**WORK INSTRUCTION**
Using the records below, write out only the lines from the line containing "Abb. 15. Ornamentierter" up to and including the line containing "Onderweg naar Siem", exactly, with no pictures.

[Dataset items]

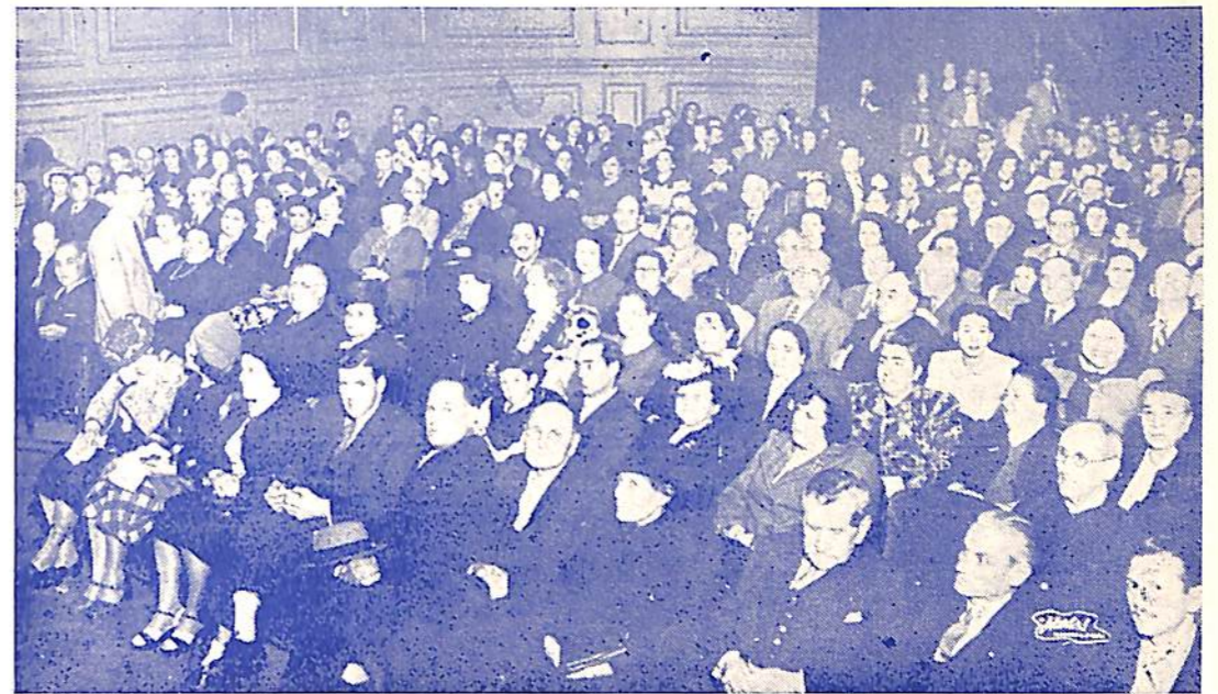
Una vista del Salón - Teatro "Lasalle" durante la fiesta.
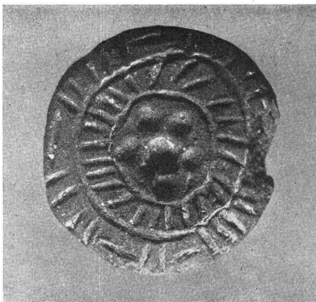
Abb. 15. Ornamentierter Tondiskus von der Stiegenloshöhle (Rüttenen, Soloth.). (Etwas über nat. Gr.)
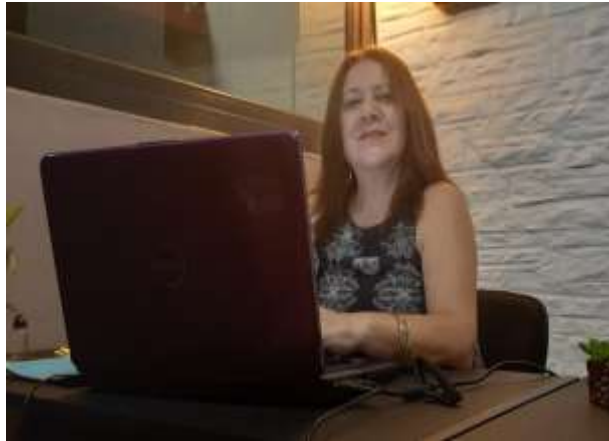
Figura 1814 Monitoreo de actividades del proyecto

Realizando el monitoreo del proyecto Mayo 2020
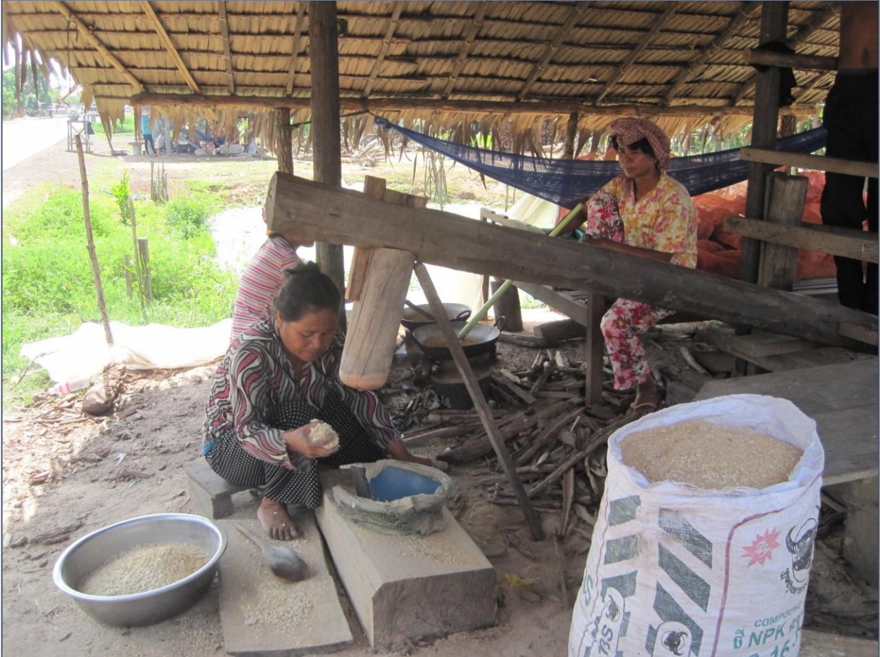
Onderweg naar Siem Reap wordt ambok gemaakt. Rijstkorrels worden gepoft en platgestampt.
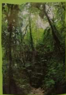
Forêt tropicale d'Amazonie
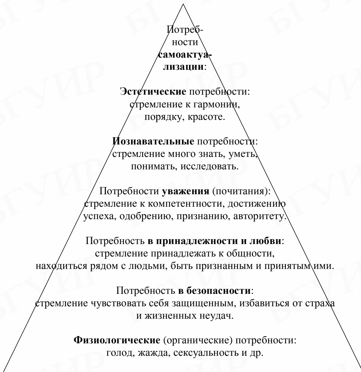
Рис. 1. Структура личных потребностей человека (по А. Маслоу)

Потребность в самоактуализации – стремление к реализации своих способностей, к развитию собственной личности, это «желание соответствовать собственной природе», быть тем, кем ты можешь быть, стремление заниматься тем, к чему предрасположен.
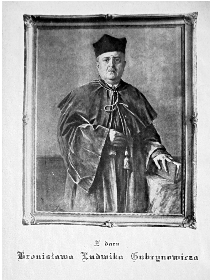
il. 1. Ekslibris portretowy Gubrynowicza ufundowany przez rodzinę po śmierci uczonego (SN PAN w Rzymie).
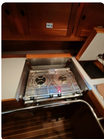
Nordborg 40 59
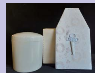
遺骨収納容器 (白瀬戸)
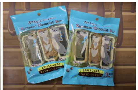
「③カワウソショコラバー」
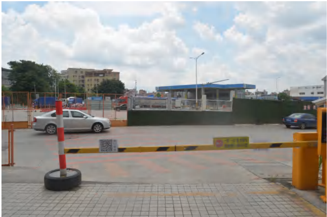
图 36 均禾站地表现状（西—东）
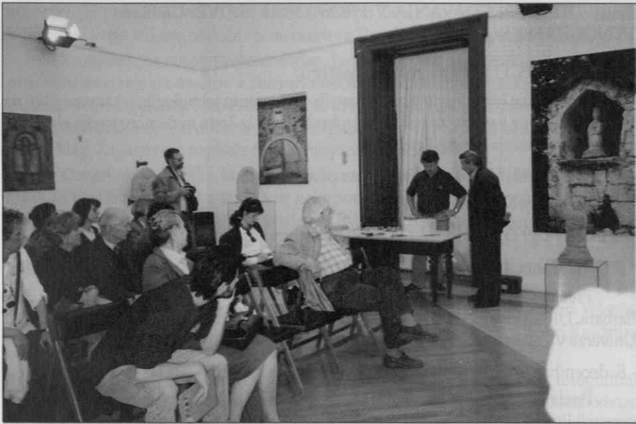
Predavanje z demonstracijo obdelave kamna je bilo 23. maja 1995 sredi razstave Kamniti svet.

**REPLY TO THE EXERCISE**
Abb. 15. Ornamentierter Tondiskus von der Stiegenloshöhle (Rüttenen, Soloth.). (Etwas über nat. Gr.)
Figura 1814 Monitoreo de actividades del proyecto

Realizando el monitoreo del proyecto Mayo 2020
Onderweg naar Siem Reap wordt ambok gemaakt. Rijstkorrels worden gepoft en platgestampt.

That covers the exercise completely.